Faux témoignages de Lorenzo Cecchi, une fiction qui n’en est pas une.

Dans “Faux témoignages”, 50 ans de souvenirs heureux, tristes ou cocasses d’une famille italienne originaire de Morravalle, un village des Marches, immigrée dans l’après-guerre en Belgique pour suivre Osvaldo, le père embauché dans les charbonnages en Wallonie. Entre ici et là-bas, entre hier et aujourd’hui, le souvenir, soudain, sublime l’Histoire. C’est la joie de vivre et non la mélancolie qui anime les hommes et les femmes de Lorenzo Cecchi!

Tous les Italiens ne sont pas vantards, fanfarons et vaniteux. Notez-le!

Tous les Italiens ne mettent pas en avant leurs titres académiques: docteur, avocat, ingénieur… “Oh, Bonjour Monsieur le Géomètre, comment allez-vous!?”

Il y a quelques années, ma collègue Chiara avec laquelle je travaille depuis des années, au cours d’une pause déjeuner, entre deux leçons, me confia, à voix basse et avec un certain embarras teinté de modestie, être en possession d’un doctorat de la Sorbonne! Et elle n’en avait jamais rien dit! Pendant des années!

Et tu ne m’en as rien dit, lui ai-je reproché. Mais quelle différence ça fait, me répondit-elle, laconique. Histoire de fou, à croire qu’elle était nordique!

Docteur en quoi ? – me renseignais-je.

– J’ai fait une thèse sur le “Lessico famigliare” de Natalia Ginzburg. Ainsi me l’annonça-t-elle alors, en toute simplicité, entre un sandwich et un café avalés à la hâte.

Lessico famigliare de Ginzburg (“Les mots de la tribu” – titre de la traduction française publiée chez Grasset) est un ouvrage exceptionnel, qui, à travers des expressions, locutions et expressions typiques de la famille de l’écrivaine, reconstitue une sorte de grammaire de l’existence de la famille Levi entre les années 1920 et 50.

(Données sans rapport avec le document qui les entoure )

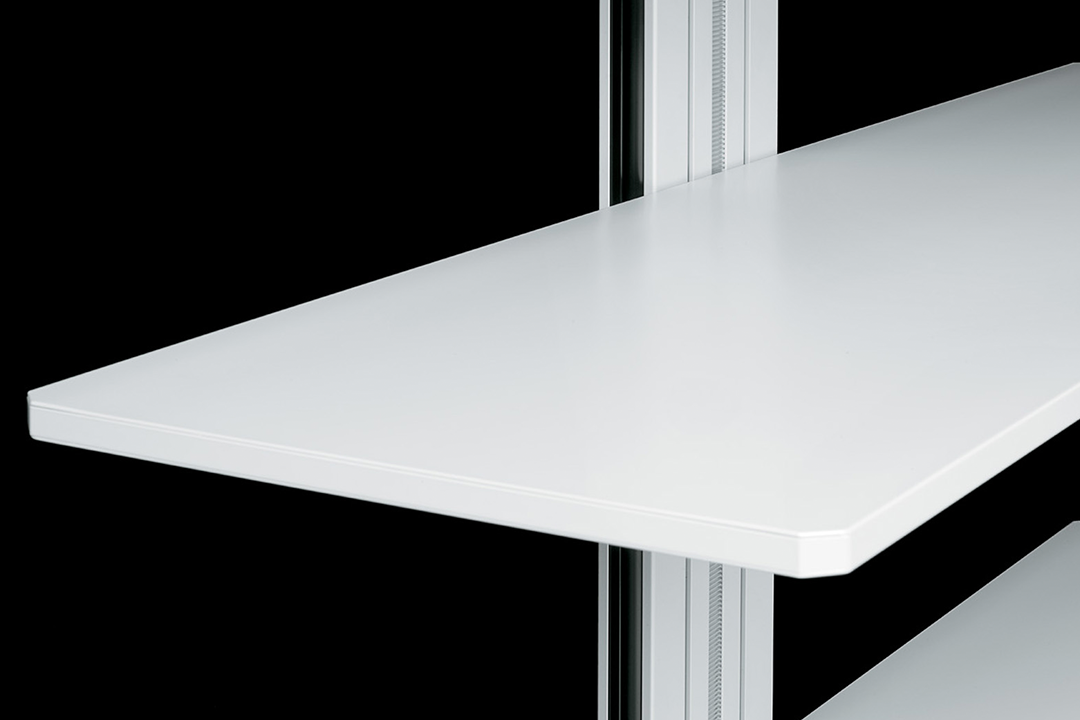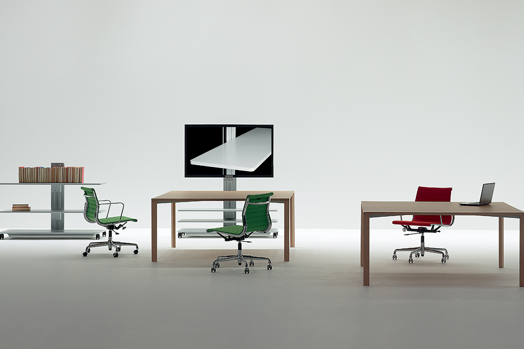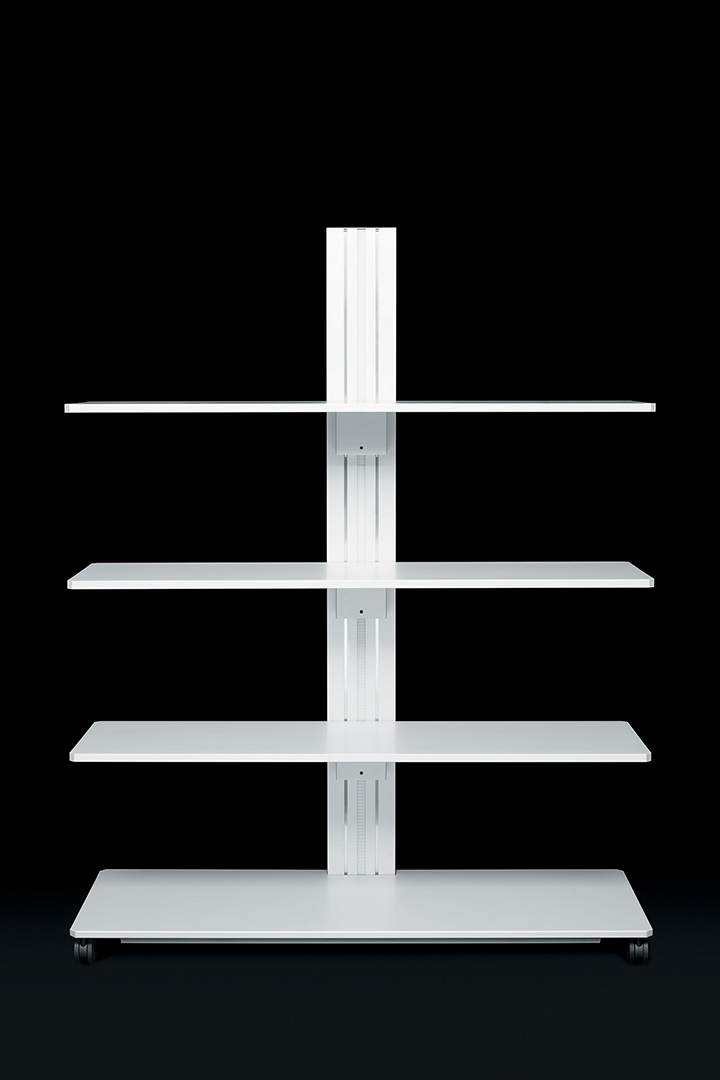 Flexible, functional and enhanced by minimalist forms, these accessory elements are designed to meet the needs of a work environment in constant evolution, where task and relational activities coexist. Available in three heights, the trolleys consist of: a solid metal support structure that conceals simple adjustment mechanisms; a base with compartment containing the power and data outlets, easily accessible by sliding the bottom shelf to one side; shelving that can be raised and lowered even with equipment already in place; special coaxial wheels that ensure high stability, whether the trolley is stationary or in motion.

Ce qui m’a toujours étonné dans ce roman, c’est la clarté avec laquelle Natalia Ginzburg reconstruit ses souvenirs, une mémoire d’éléphant, qui se souvient des détails les plus infimes, des micro-événements d’une famille et, de là, passe aux macros événements sociaux. Mais comment a-t-elle fait ? Je pose cette question à Chiara, car maintenant que je sais qu’elle est “docteur”, elle ne m’échappera plus. Natalia Ginzburg aura sûrement enquêté auprès de ses proches, fait des recherches, recueilli non seulement ses propres souvenirs mais aussi ceux des membres de sa famille encore en vie. Elle aura fouillé dans les photographies et les documents et, probablement, chaque image lui aura rappelé un épisode caché dans les plis de l’oubli.

Ah! L’oubli, quel mot terrible! Les trous, la perte de mémoire et donc de soi-même… Mais dans la dynamique narrative, ce processus effrayant peut être endigué, comme si le récit, l’histoire, l’affabulation étaient un médicament contre la perte de mémoire. Là où le souvenir s’est effacé, l’ imagination intervient, rien ne se perd, tout se reconstruit.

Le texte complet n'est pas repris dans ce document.